▶ [TASK TO COMPLETE] Word for word, reproduce all entries below, leaving every picture out.

▶ [EXCERPTED DATA]

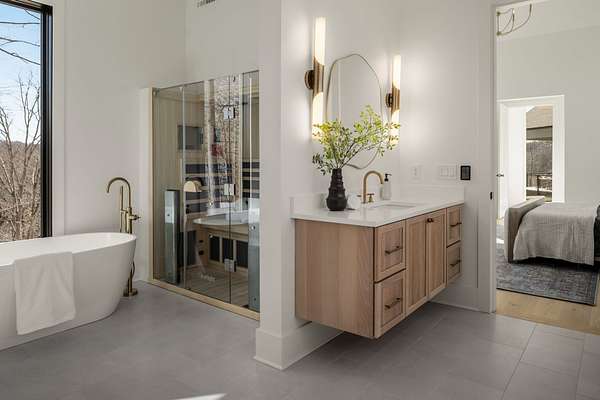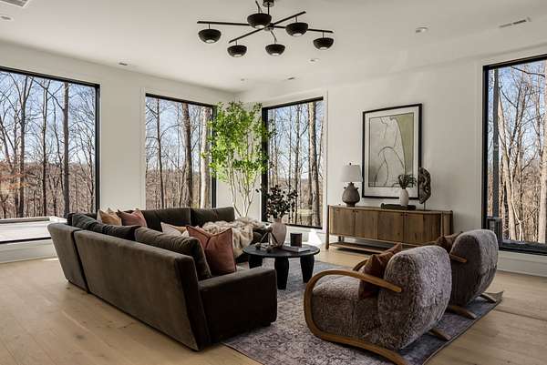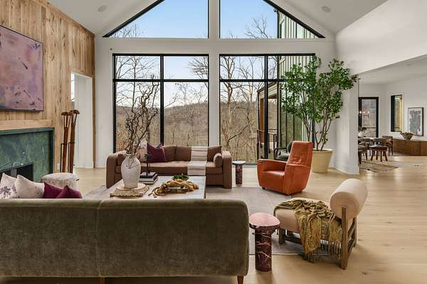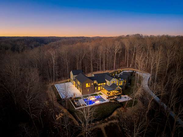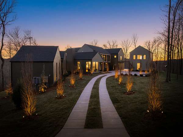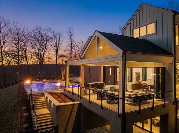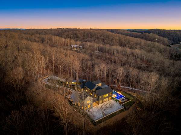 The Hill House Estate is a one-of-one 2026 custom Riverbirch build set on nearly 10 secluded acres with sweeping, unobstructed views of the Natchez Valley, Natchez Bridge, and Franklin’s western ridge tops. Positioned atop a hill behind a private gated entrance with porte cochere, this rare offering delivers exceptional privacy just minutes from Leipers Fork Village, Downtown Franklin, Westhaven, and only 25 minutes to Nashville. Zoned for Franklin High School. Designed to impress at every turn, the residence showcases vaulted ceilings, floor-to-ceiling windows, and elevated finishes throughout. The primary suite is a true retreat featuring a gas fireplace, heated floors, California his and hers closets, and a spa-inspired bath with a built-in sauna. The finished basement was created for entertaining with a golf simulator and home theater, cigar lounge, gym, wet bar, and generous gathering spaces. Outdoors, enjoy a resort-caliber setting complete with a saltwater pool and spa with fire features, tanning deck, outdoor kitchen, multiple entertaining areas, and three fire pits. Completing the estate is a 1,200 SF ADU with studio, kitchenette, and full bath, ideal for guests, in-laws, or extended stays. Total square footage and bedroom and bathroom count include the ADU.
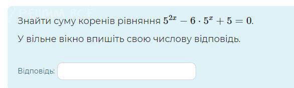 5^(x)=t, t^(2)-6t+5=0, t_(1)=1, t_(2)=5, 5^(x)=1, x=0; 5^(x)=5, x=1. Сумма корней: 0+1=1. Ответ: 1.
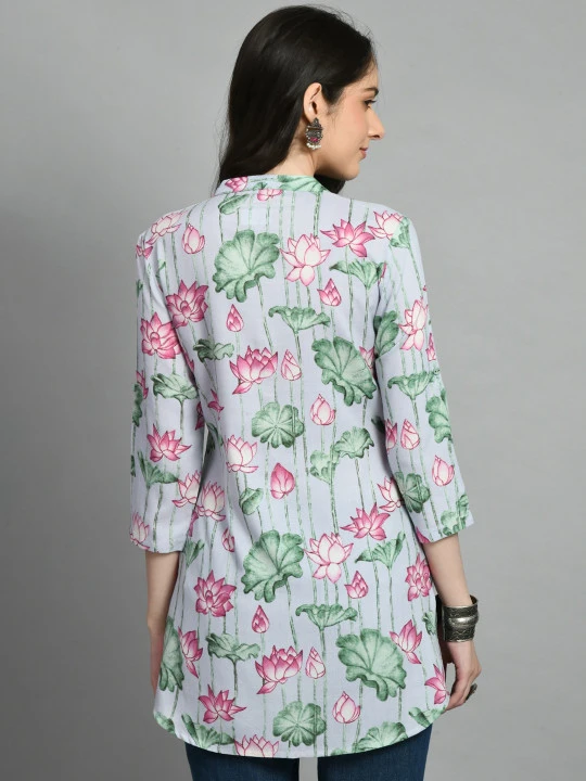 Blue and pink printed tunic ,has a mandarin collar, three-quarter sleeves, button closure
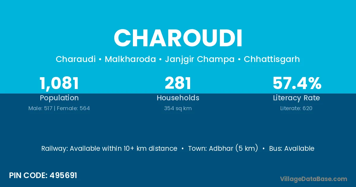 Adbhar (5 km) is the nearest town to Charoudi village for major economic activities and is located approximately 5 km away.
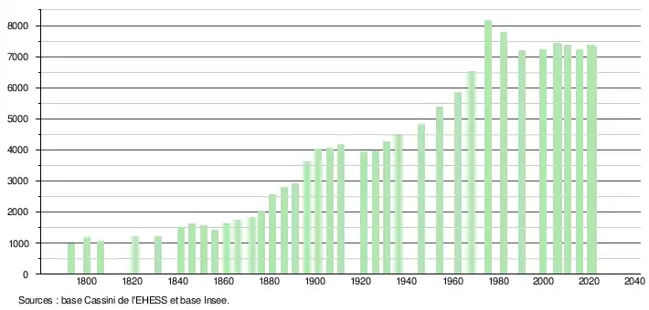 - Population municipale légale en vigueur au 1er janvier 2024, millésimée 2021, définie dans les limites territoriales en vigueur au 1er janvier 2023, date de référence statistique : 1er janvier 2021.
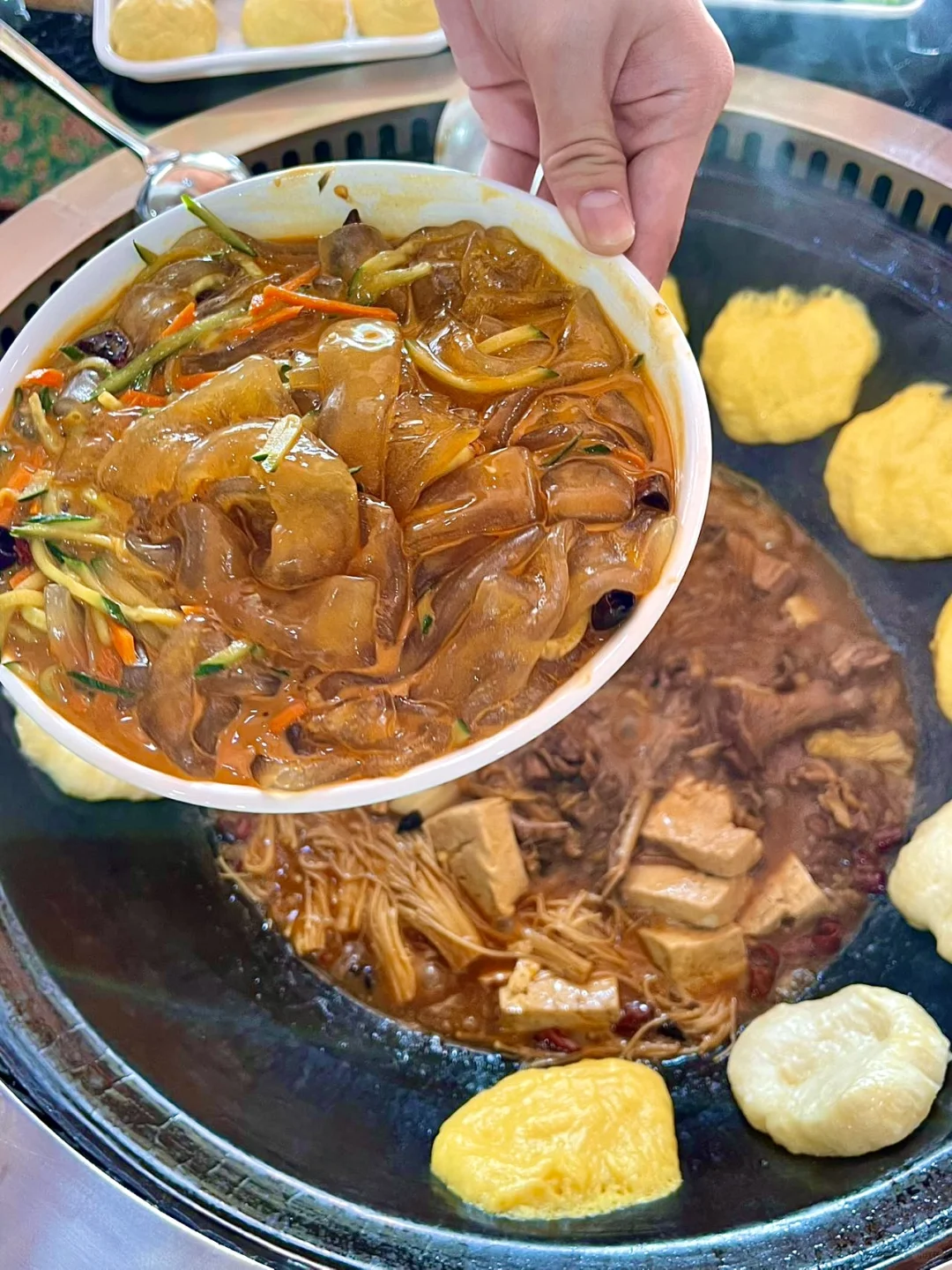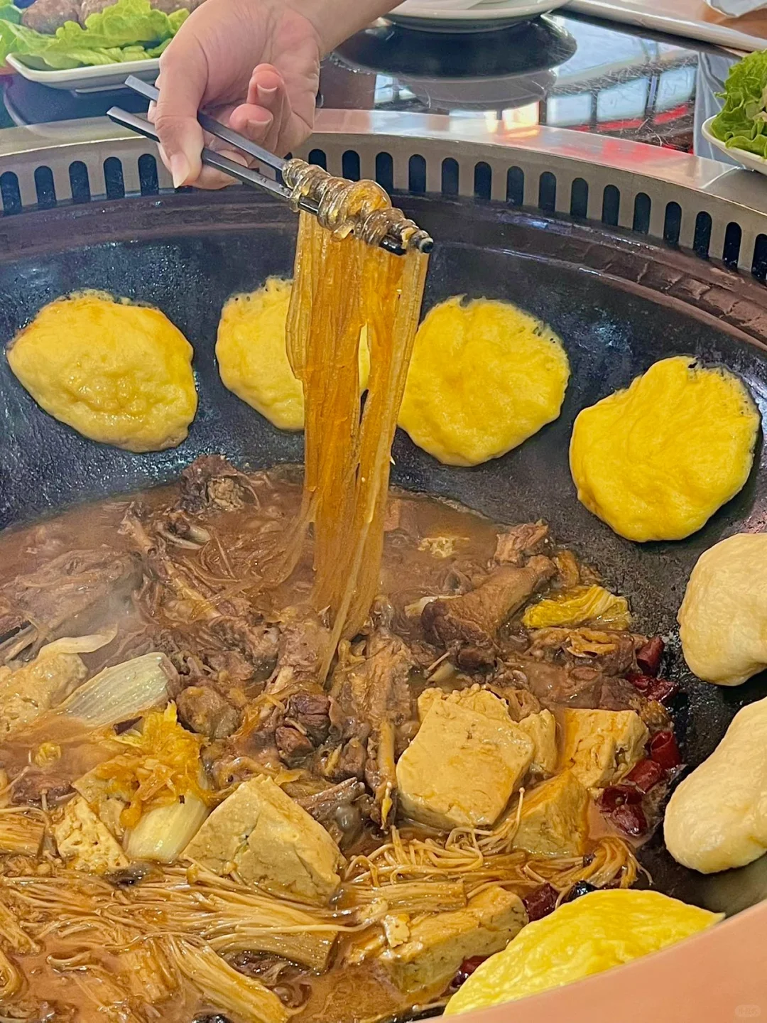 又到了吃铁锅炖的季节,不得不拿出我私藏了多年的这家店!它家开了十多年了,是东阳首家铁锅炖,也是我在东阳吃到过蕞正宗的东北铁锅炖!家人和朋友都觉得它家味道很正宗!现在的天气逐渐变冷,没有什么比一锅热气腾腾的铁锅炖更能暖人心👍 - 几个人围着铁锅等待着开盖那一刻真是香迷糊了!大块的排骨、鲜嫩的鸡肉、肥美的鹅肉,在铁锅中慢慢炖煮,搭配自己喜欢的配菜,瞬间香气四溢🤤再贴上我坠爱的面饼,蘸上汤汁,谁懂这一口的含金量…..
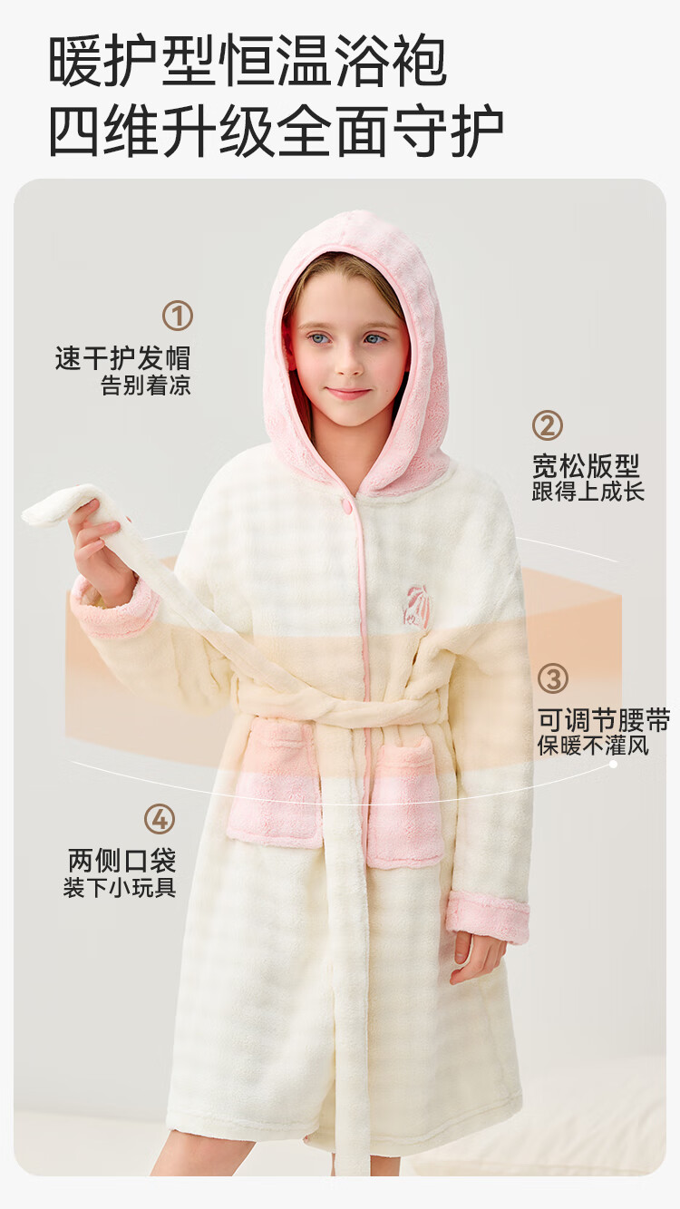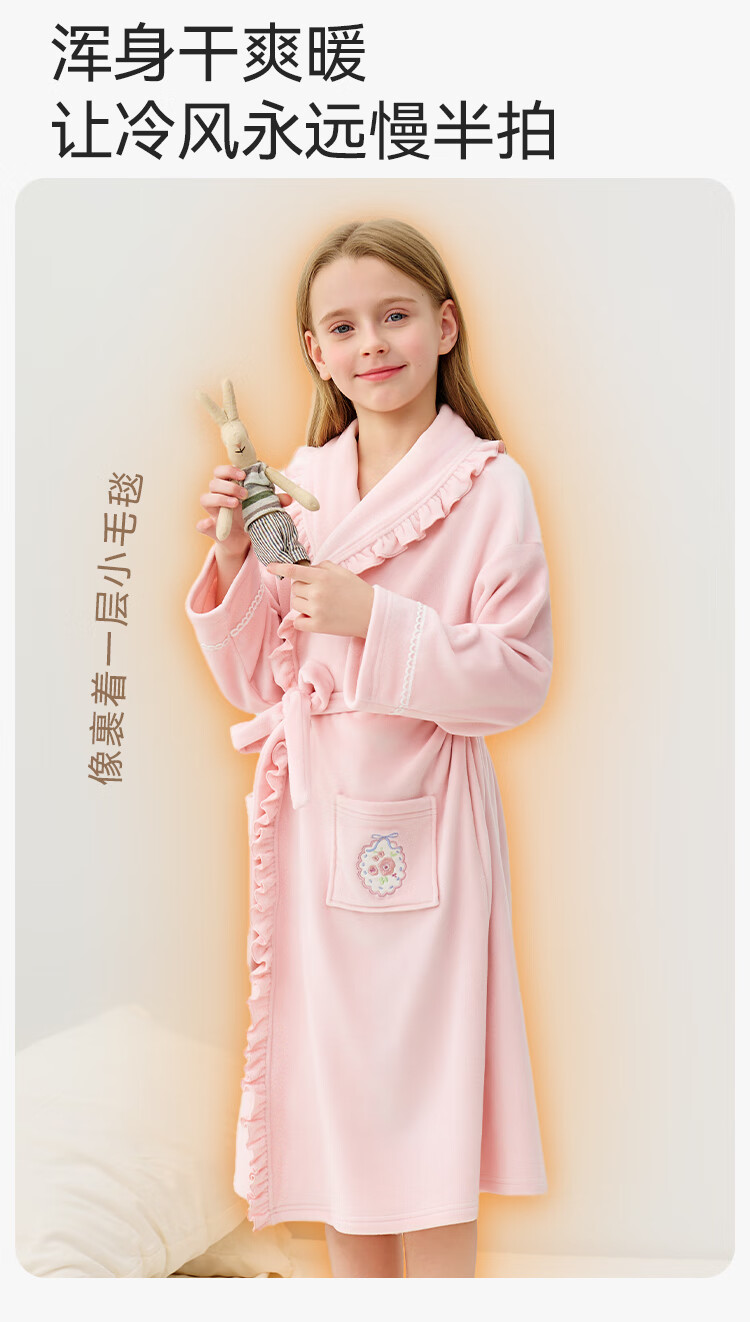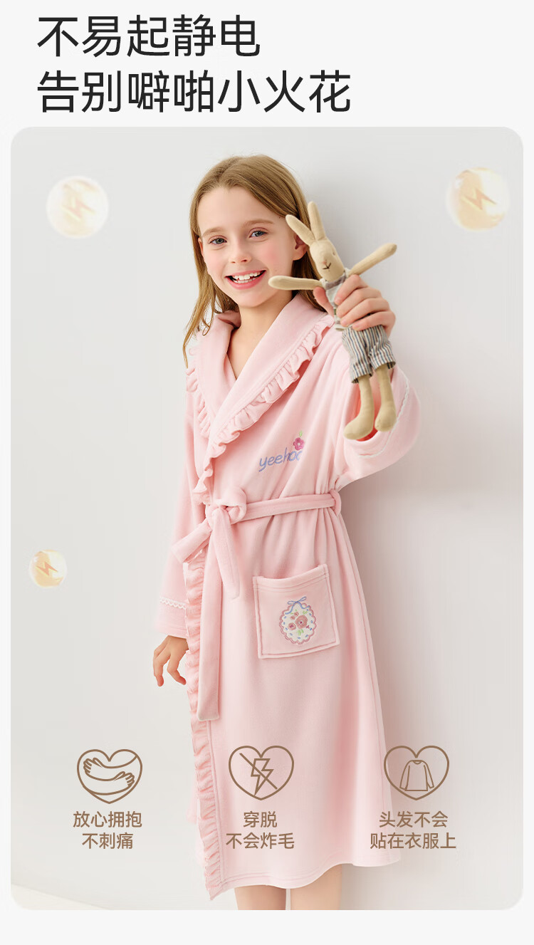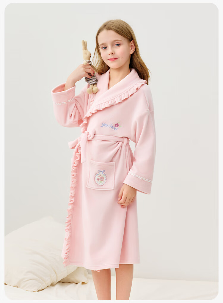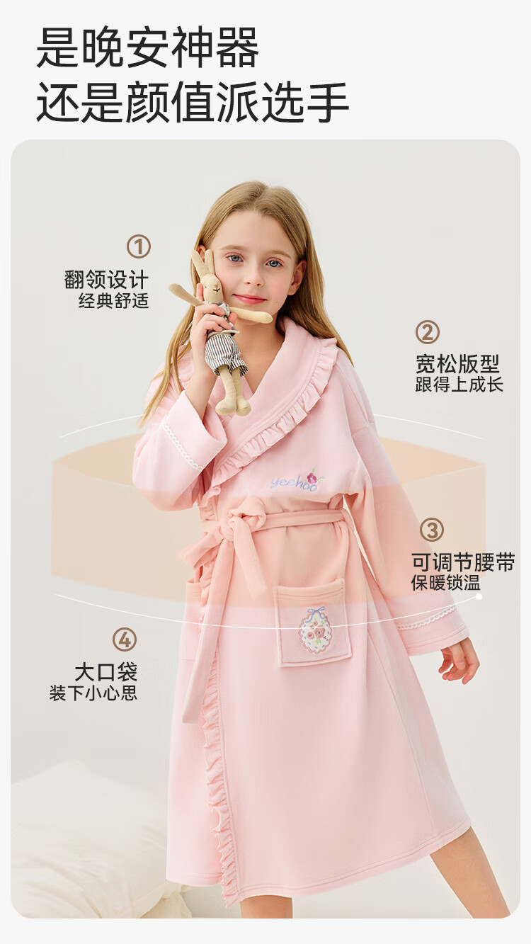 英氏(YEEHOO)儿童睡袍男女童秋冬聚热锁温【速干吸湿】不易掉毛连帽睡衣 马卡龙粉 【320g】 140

▶ [FINISHED EXERCISE]
 The Hill House Estate is a one-of-one 2026 custom Riverbirch build set on nearly 10 secluded acres with sweeping, unobstructed views of the Natchez Valley, Natchez Bridge, and Franklin’s western ridge tops. Positioned atop a hill behind a private gated entrance with porte cochere, this rare offering delivers exceptional privacy just minutes from Leipers Fork Village, Downtown Franklin, Westhaven, and only 25 minutes to Nashville. Zoned for Franklin High School. Designed to impress at every turn, the residence showcases vaulted ceilings, floor-to-ceiling windows, and elevated finishes throughout. The primary suite is a true retreat featuring a gas fireplace, heated floors, California his and hers closets, and a spa-inspired bath with a built-in sauna. The finished basement was created for entertaining with a golf simulator and home theater, cigar lounge, gym, wet bar, and generous gathering spaces. Outdoors, enjoy a resort-caliber setting complete with a saltwater pool and spa with fire features, tanning deck, outdoor kitchen, multiple entertaining areas, and three fire pits. Completing the estate is a 1,200 SF ADU with studio, kitchenette, and full bath, ideal for guests, in-laws, or extended stays. Total square footage and bedroom and bathroom count include the ADU.
 5^(x)=t, t^(2)-6t+5=0, t_(1)=1, t_(2)=5, 5^(x)=1, x=0; 5^(x)=5, x=1. Сумма корней: 0+1=1. Ответ: 1.
 Blue and pink printed tunic ,has a mandarin collar, three-quarter sleeves, button closure
 Adbhar (5 km) is the nearest town to Charoudi village for major economic activities and is located approximately 5 km away.
 - Population municipale légale en vigueur au 1er janvier 2024, millésimée 2021, définie dans les limites territoriales en vigueur au 1er janvier 2023, date de référence statistique : 1er janvier 2021.
 又到了吃铁锅炖的季节,不得不拿出我私藏了多年的这家店!它家开了十多年了,是东阳首家铁锅炖,也是我在东阳吃到过蕞正宗的东北铁锅炖!家人和朋友都觉得它家味道很正宗!现在的天气逐渐变冷,没有什么比一锅热气腾腾的铁锅炖更能暖人心👍 - 几个人围着铁锅等待着开盖那一刻真是香迷糊了!大块的排骨、鲜嫩的鸡肉、肥美的鹅肉,在铁锅中慢慢炖煮,搭配自己喜欢的配菜,瞬间香气四溢🤤再贴上我坠爱的面饼,蘸上汤汁,谁懂这一口的含金量…..
 英氏(YEEHOO)儿童睡袍男女童秋冬聚热锁温【速干吸湿】不易掉毛连帽睡衣 马卡龙粉 【320g】 140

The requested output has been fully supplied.